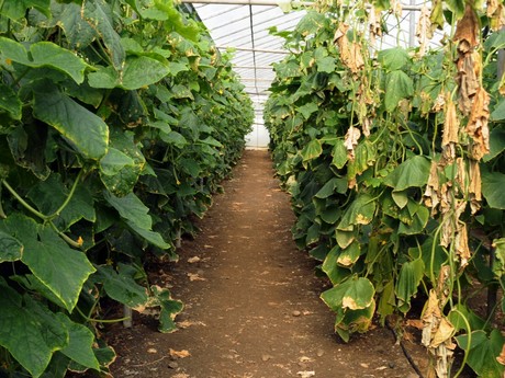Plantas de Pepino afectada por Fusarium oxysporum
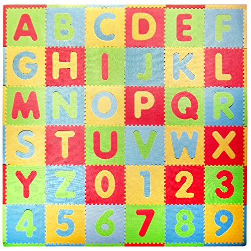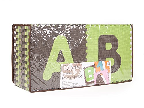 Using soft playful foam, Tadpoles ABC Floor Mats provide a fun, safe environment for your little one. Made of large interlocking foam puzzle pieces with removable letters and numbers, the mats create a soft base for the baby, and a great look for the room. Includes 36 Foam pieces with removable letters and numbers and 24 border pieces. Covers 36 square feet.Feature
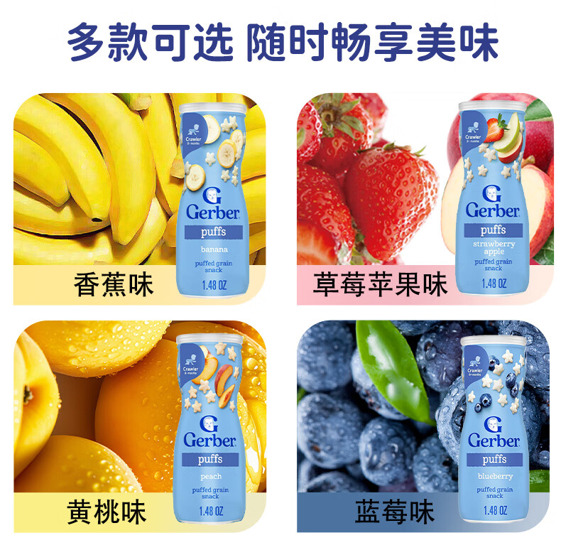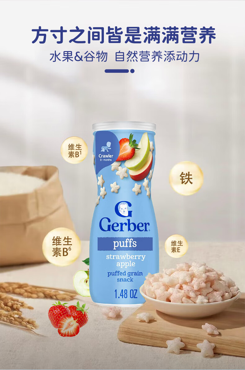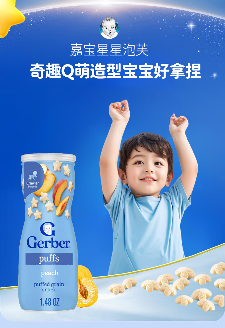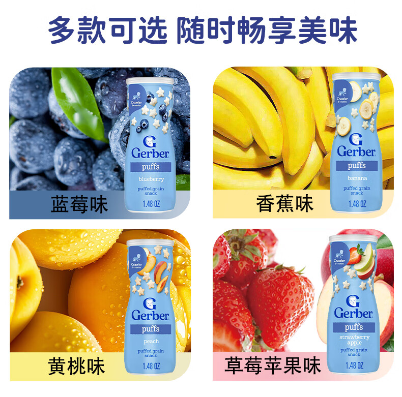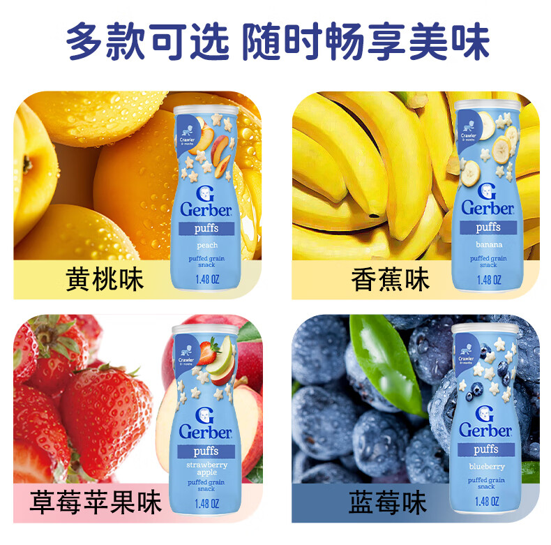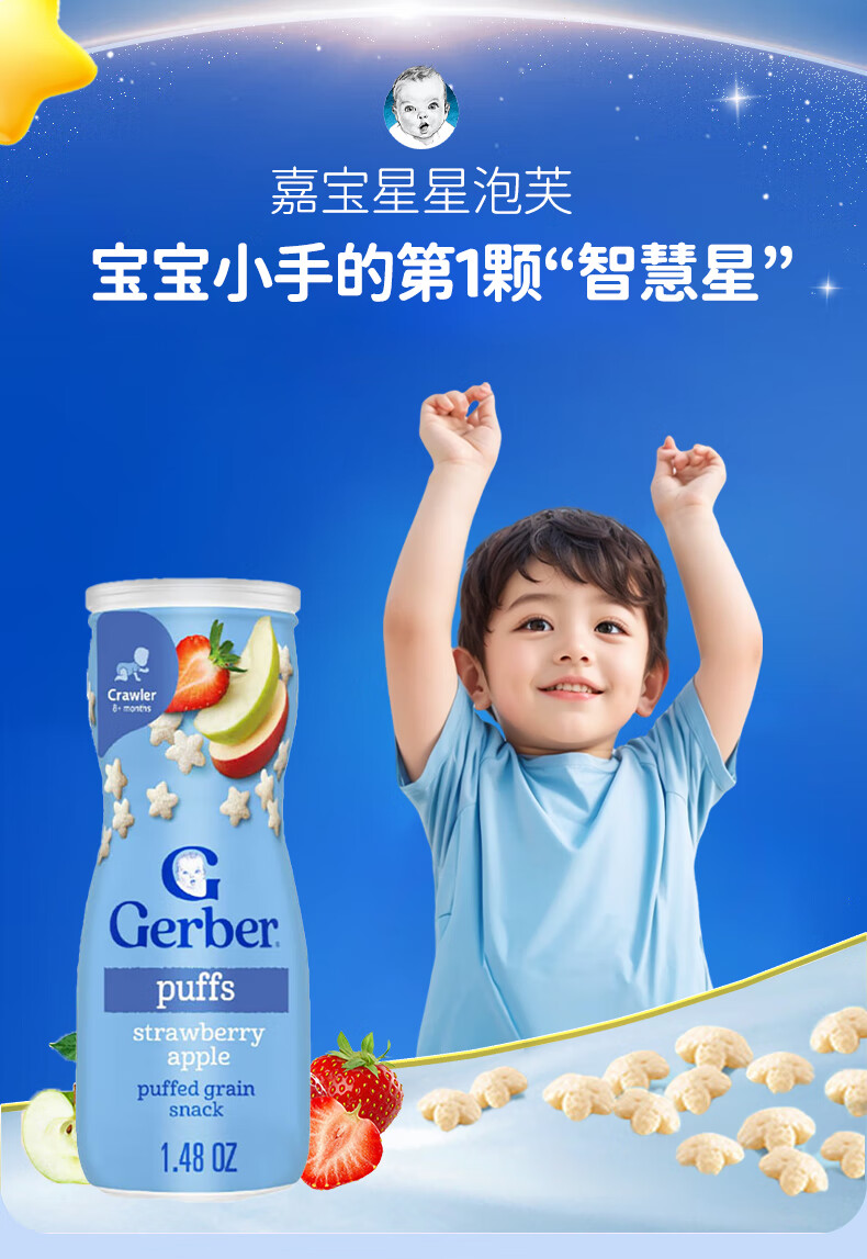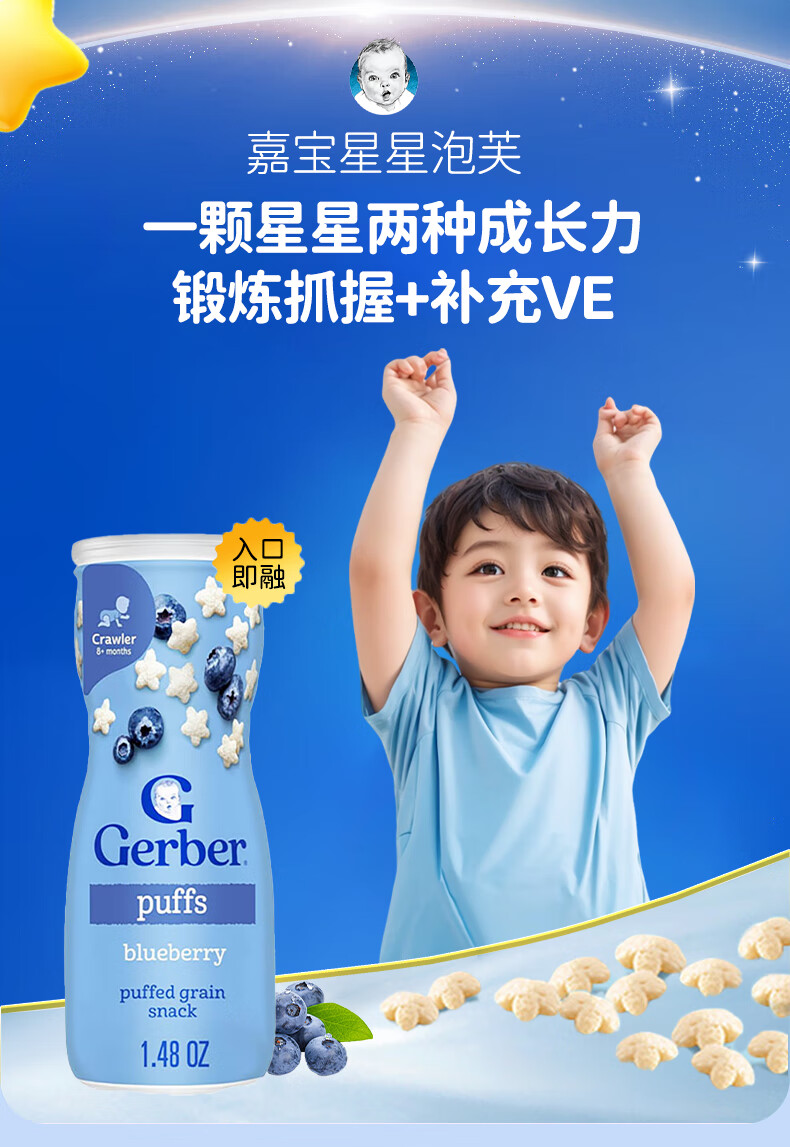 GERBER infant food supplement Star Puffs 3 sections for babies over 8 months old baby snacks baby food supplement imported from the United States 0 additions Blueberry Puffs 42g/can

* * * * * * *

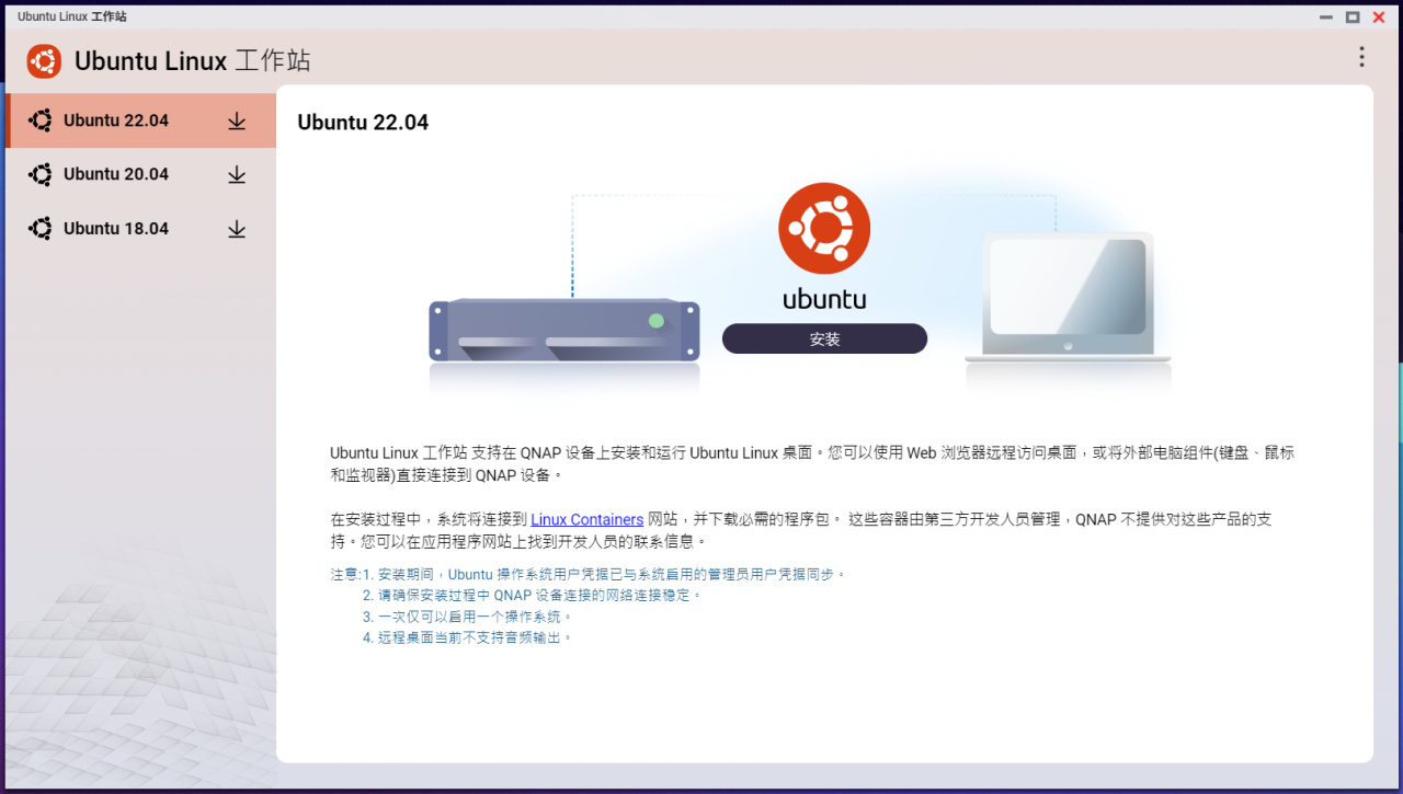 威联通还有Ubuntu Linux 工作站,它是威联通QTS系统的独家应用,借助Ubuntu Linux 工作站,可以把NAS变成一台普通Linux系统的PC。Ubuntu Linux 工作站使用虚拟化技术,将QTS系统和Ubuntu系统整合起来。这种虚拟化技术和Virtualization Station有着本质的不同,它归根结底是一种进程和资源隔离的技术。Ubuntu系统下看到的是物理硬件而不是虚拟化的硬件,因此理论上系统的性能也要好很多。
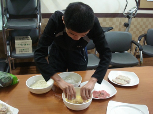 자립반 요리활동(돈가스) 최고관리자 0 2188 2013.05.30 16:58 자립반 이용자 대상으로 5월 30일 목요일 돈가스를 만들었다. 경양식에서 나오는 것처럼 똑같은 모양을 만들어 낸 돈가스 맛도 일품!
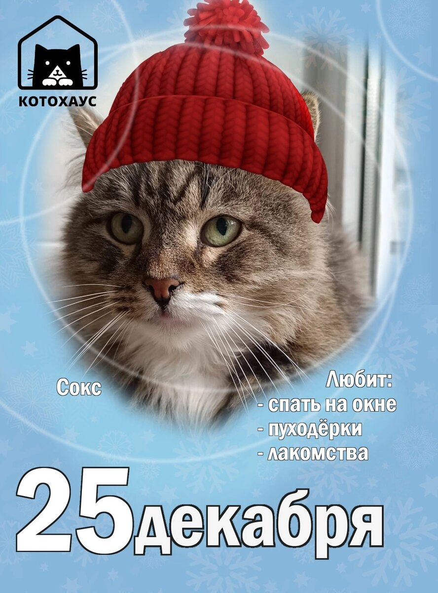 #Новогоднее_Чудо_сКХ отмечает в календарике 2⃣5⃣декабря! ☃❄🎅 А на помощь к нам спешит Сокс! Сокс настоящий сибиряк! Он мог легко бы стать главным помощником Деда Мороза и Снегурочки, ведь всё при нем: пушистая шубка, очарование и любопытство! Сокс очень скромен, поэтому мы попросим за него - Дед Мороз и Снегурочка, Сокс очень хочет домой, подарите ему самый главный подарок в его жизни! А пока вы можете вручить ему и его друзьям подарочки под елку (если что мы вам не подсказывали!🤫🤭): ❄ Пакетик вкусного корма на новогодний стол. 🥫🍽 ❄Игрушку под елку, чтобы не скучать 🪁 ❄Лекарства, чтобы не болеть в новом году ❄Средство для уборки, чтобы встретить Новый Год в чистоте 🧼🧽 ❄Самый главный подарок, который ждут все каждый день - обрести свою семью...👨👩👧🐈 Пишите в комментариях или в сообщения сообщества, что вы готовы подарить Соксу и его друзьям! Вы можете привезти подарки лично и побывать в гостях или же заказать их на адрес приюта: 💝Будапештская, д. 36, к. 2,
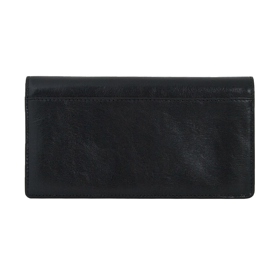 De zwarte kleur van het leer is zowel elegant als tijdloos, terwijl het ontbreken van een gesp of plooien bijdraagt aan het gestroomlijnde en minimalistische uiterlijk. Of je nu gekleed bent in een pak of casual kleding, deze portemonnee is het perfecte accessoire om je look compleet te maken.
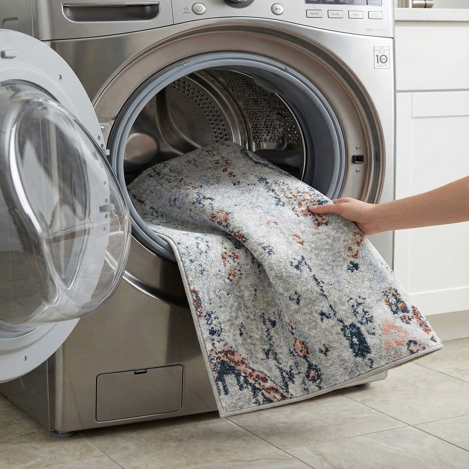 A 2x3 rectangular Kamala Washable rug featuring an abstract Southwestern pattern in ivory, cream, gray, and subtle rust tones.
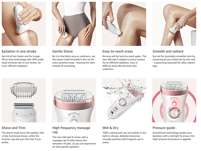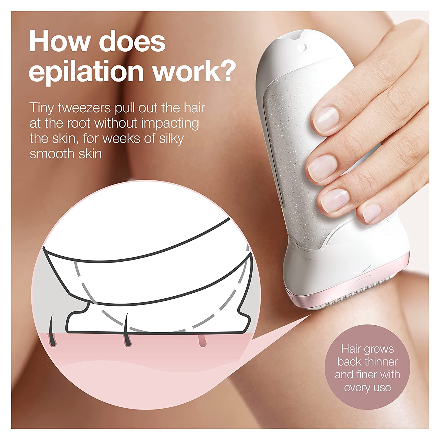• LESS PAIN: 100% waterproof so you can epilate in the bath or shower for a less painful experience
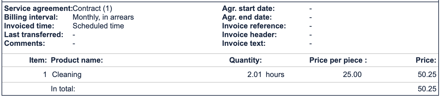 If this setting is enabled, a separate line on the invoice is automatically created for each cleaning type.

* * * * * * *

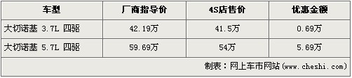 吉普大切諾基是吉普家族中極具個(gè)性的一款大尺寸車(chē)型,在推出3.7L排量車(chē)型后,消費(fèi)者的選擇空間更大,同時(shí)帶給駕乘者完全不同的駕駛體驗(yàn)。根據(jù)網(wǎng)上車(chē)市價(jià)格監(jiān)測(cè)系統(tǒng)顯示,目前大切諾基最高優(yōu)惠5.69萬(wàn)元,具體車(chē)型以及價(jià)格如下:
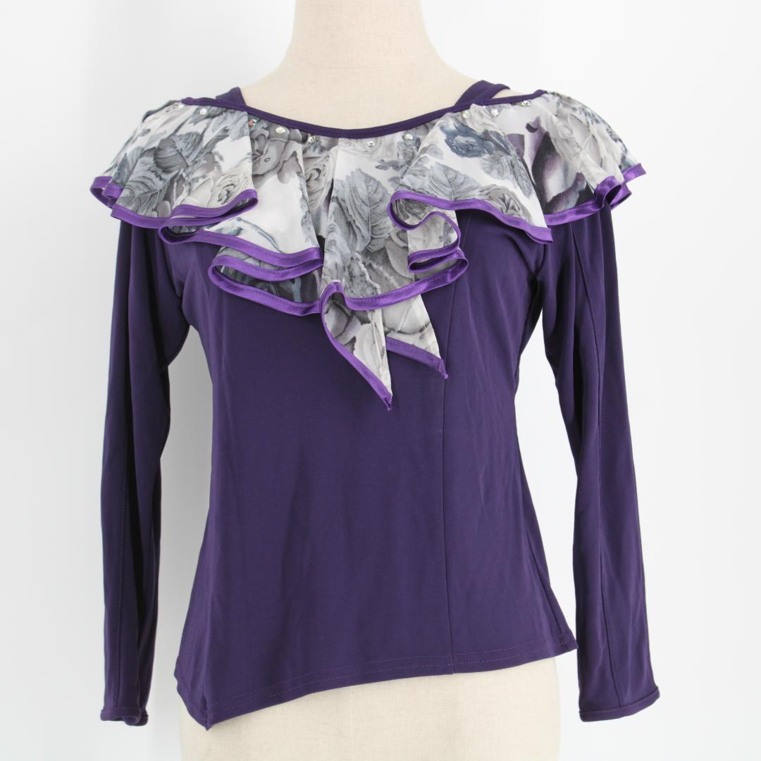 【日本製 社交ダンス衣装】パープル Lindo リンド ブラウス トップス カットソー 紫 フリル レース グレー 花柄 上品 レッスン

* * * * * * *

§ Action item
Only one stretch of the listing is wanted: the lines starting at the one with "Plantas de Pepino" and ending at the one with "GERBER infant food", copied exactly and free of pictures.

§ Your response
Plantas de Pepino afectada por Fusarium oxysporum
 Using soft playful foam, Tadpoles ABC Floor Mats provide a fun, safe environment for your little one. Made of large interlocking foam puzzle pieces with removable letters and numbers, the mats create a soft base for the baby, and a great look for the room. Includes 36 Foam pieces with removable letters and numbers and 24 border pieces. Covers 36 square feet.Feature
 GERBER infant food supplement Star Puffs 3 sections for babies over 8 months old baby snacks baby food supplement imported from the United States 0 additions Blueberry Puffs 42g/can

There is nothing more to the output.